24 6 月, 2022

European paper firms bank on investment | Analysis

Moody’s says Euro paper market capital expenditure is to rise and many will want to strengthen their packaging sector presence, writes Waqas Qureshi.

Corrugated is the sector where the pace of change has been breathtaking. The recent developments surrounding Smurfit Kappa (see page 3) point to a landscape that’s shifting – and fast. And it’s not just in merger and acquisition activity. The major players in the corrugated and paper market are looking to invest and upgrade their manufacturing sites.

This is recognised in a new report by Moody’s Investors Service, which found that a number of companies in this sector are forecast to increase revenue and maintain or increase their capital expenditure (CAPEX) in 2015.

Outlook stable
The report names the big players in the paper market including Metsa Board, Mondi, Sappi, Smurfit Kappa, Stora Enso and UPMKymmene.

“We expect the aggregate operating income of Moody’s rated European paper and forest product companies to increase by 1% to 3% over the next 12-18 months,” says Matthias Volkmer, a Moody’s vice president – senior analyst and author of the report.

The ratings agency adds that a focus on paper operations was risky in the current environment.
“This reflects our expectation that increased operating earnings from packaging operations will outweigh those from paper operations, which continue to face secular declines, which is why our outlook for the sector is stable,” explains Volkmer.

Moody’s found that more diversified firms in the sector posted solid growth last year, reflecting their efforts to reposition or broaden their business profiles away from the mature European paper market through sizeable, and ongoing, investments in related segments and through cost cutting.

The report warns that due to a 3% decline in graphic paper demand in 2014, European paper and forest product companies with narrow product offerings would need to make significant efforts to improve their business prospects. In other words, get into new markets or get left behind. The current market conditions suggest that packaging is a stronger bet.

Nicholas Mockett, head of packaging M&A, Moorgate Capital, says companies in growth markets, such as packaging grades, are likely to continue to invest in efficiencies and capacity expansion.
“The challenge is trying to keep supply and demand in equilibrium as the CAPEX in paper making is lumpy, rather than gradual, given the scale of the machines.
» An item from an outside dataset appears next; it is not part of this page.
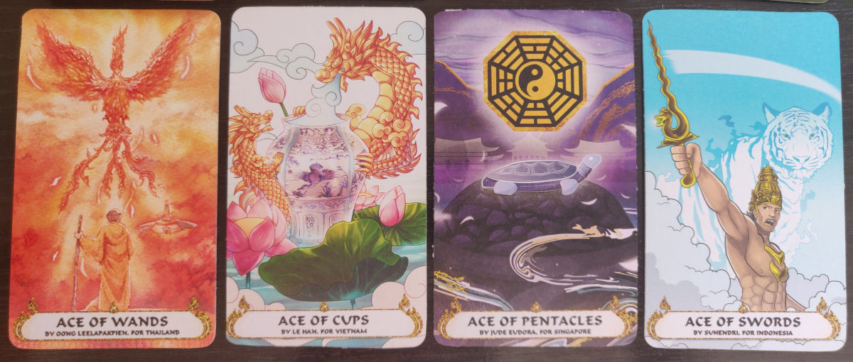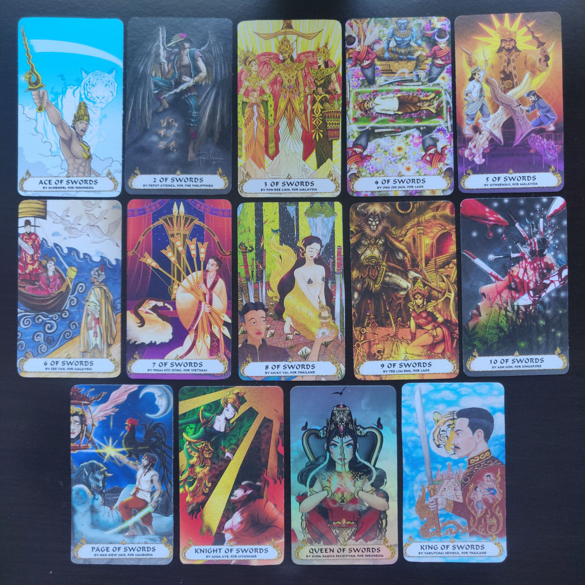 I was gifted an early prototype of the Southeast Asian Myths and Stories (SEAMS) Tarot, which was hand-cut by the Chairman of Singapore’s Tarot & Cartomancy Association himself, and now one of my most prized possessions in my tarot deck collection.
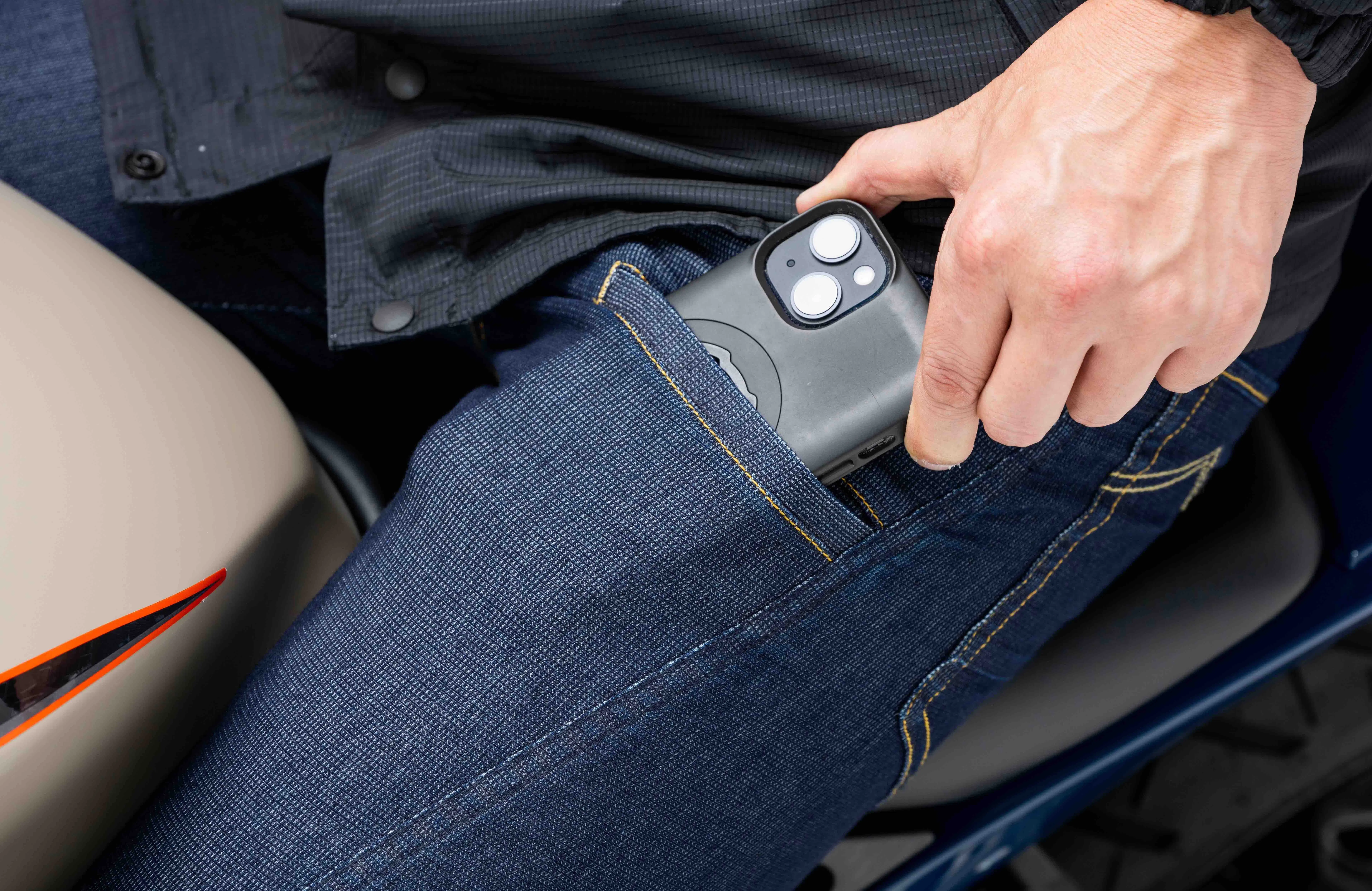 「バイクに乗った時にスマホの収納場所に困ってませんか?」地味だけど超絶便利なスマホ専用ポケットが【空冷式ジーンズ】には標準装備されています!BMCバイク用ジーンズにはデフォルトのスマホ専用ポケットですよね(笑)

Mockett adds: “Players in the paper industry, where demand is dropping, will spend on efficiencies and maintenance but may struggle to justify expansion CAPEX. However, there have been cases of graphic grade mills being converted to packaging grades, which may cause dis-equilibrium and hurt the earnings of the packaging paper industry overall.”
Graham Carberry, director at Livingstone Partners, says that the industry knows that opportunities in paper manufacturing are very limited so corporate activity is driven by reducing operating costs relative to production.
“The value is created through the conversion, whether it is film lined cartonboard to create barrier properties or metallic finishing for better visual appeal and the creation of the pack,” he says.

Adaptable
Carberry adds: “Packaging can vary format and medium and adapt to new trends and opportunities – whether customer choice or legislative driven, this simply isn’t the case for the paper manufacturers. The growth of Asian manufacturers threatens European paper in a way that the packaging sector, with its need to be close to food production and the high level of customer interaction and food safety legislation requirements, is not.”
He also says that despite being linked in many people’s minds, the dynamics and prospects of paper and of packaging are very different.
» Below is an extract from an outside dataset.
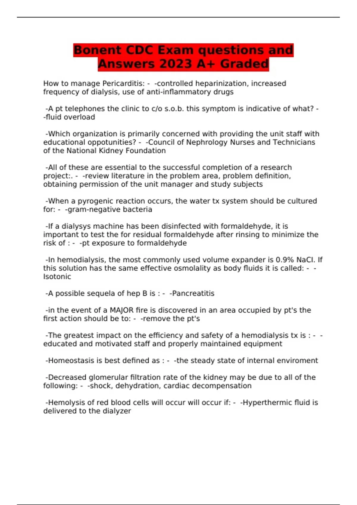 Bonent CDC Exam questions and Answers 2023 A+ Graded

Moody’s explains that players with a narrow product focus face substantial challenges as they seek to improve their business prospects in 2015 and beyond.
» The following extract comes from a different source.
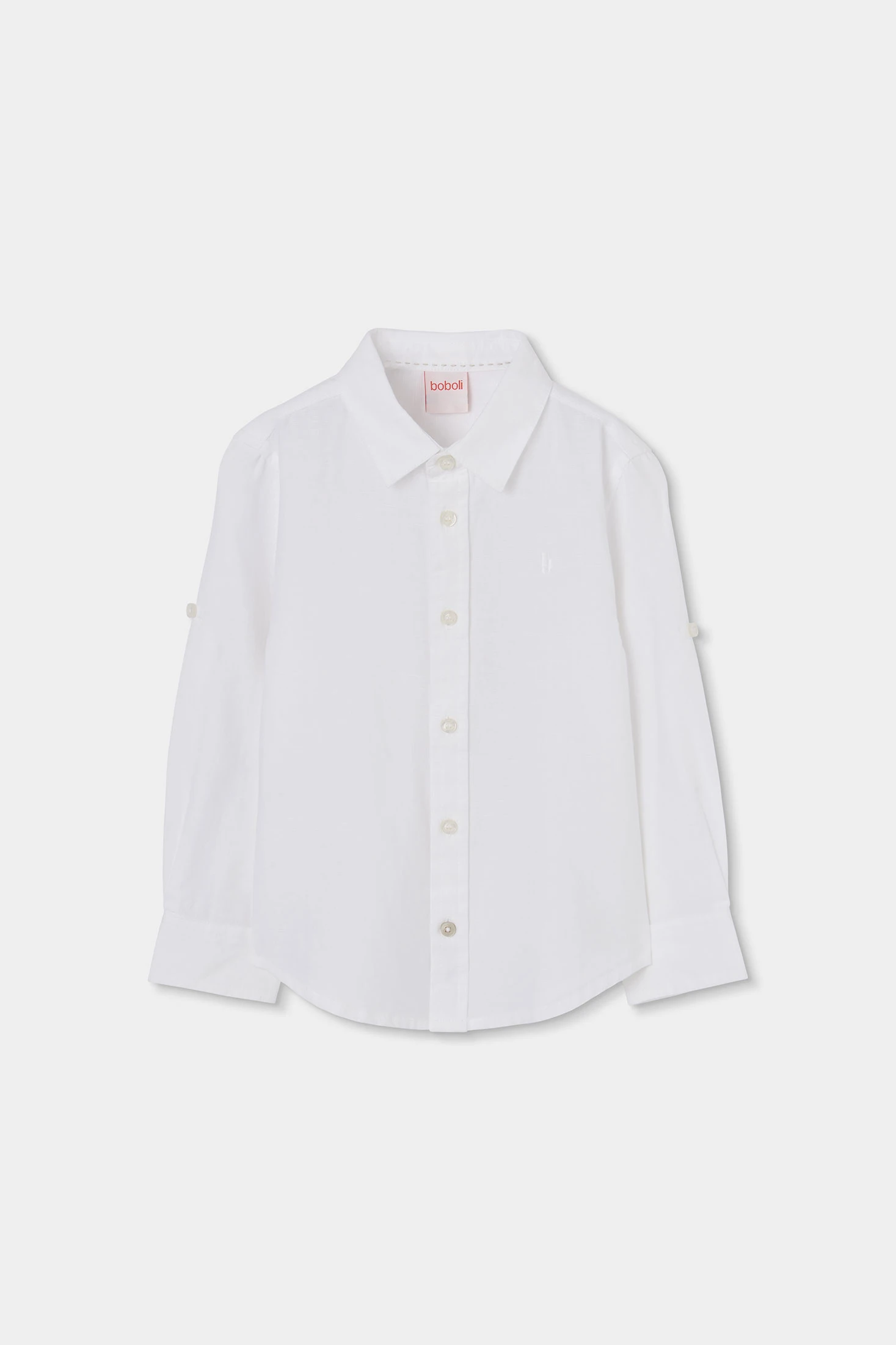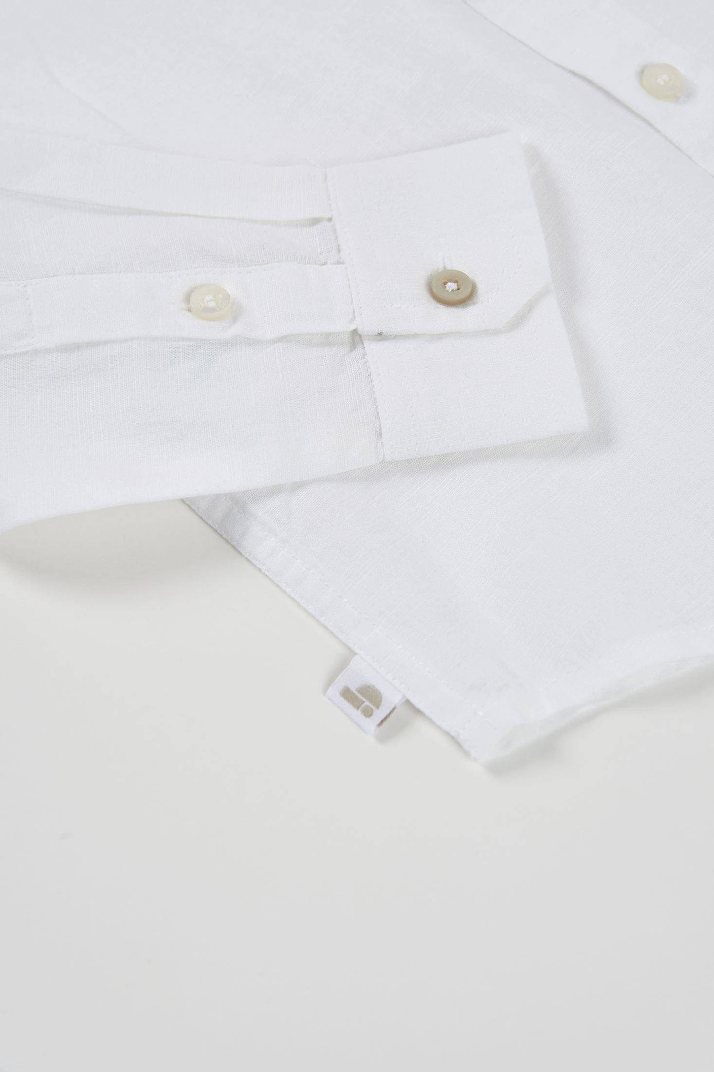 Camisa de linho branca para menino, elegante e fresca, ideal para ocasiões especiais ou para o dia a dia. O seu design liso e clássico apresenta uma gola tradicional e botões frontais, oferecendo um estilo impecável. As mangas compridas podem ser ajustadas para maior conforto. Disponível em tamanhos desde 12 meses até 14 anos, adapta-se ao crescimento das crianças. A sua cor neutra facilita a combinação com calças ou calções de diversas cores, adicionando um toque sofisticado a qualquer roupa.

While most corporate strategies remain unchanged, a high number of new senior management appointments could indicate that a refocus is about to take place.

“Expansion plans continue to drive CAPEX in 2015,” said Volkmer. “We expect Metsa Board, Mondi, Sappi, Smurfit Kappa, Stora Enso and UPM to maintain or even increase spending on their, in some cases, already sizable CAPEX programmes this year.”

To this end, Smurfit Kappa has snapped up UK corrugated specialist Inspirepac, which was commended by Moody’s. The international ratings agency says that although the transaction will not affect the corrugated giant in terms of its size and financial metrics, the deal will complement Smurfit Kappa’s dominant position in the UK market and expands its existing capabilities in the high-quality-print and point-of-sale markets.
Volkmer explains: “Smurfit Kappa Group’s credit quality improves when it builds long-term value through acquisitions funded from operating cash flow, rather than pursue more shareholder friendly financial policies.
“Both its geographic diversity and its integrated model have contributed to more robust earnings.”
He says that the euro’s depreciation is driving up input costs for non- or partly integrated  pulp producers.
“The substantial new pulp capacity ramping up in Latin America during 2014, mostly in hardwood pulp, was favourable for non- or partly integrated players, such as Norske Skog and Lecta because it temporarily pushed down prices. However, as the companies’ sales are mainly in euros, while their main input material, pulp, is traded in US dollars, we expect them to face increased cost pressure in 2015 as a result of the euro’s weakness against the US dollar.”

Future prospects
David Workman, director general of the Confederation of Paper Industries (CPI), agrees, saying: “The industry’s future prospects are very dependent on the EU, and individual member states within the EU, developing industrial polices which enhance the competitiveness of all energy intensive industries, including paper.”
Furthermore, rumours abound of a possible take-over bid by International Paper of Smurfit Kappa – which, if materialises, would produce a galactic-size corrugated business. It’s a potential game changer.
With acquisitions and investments continuing at a pace, 2015 may well prove to be a hugely significant year for the corrugated packaging market.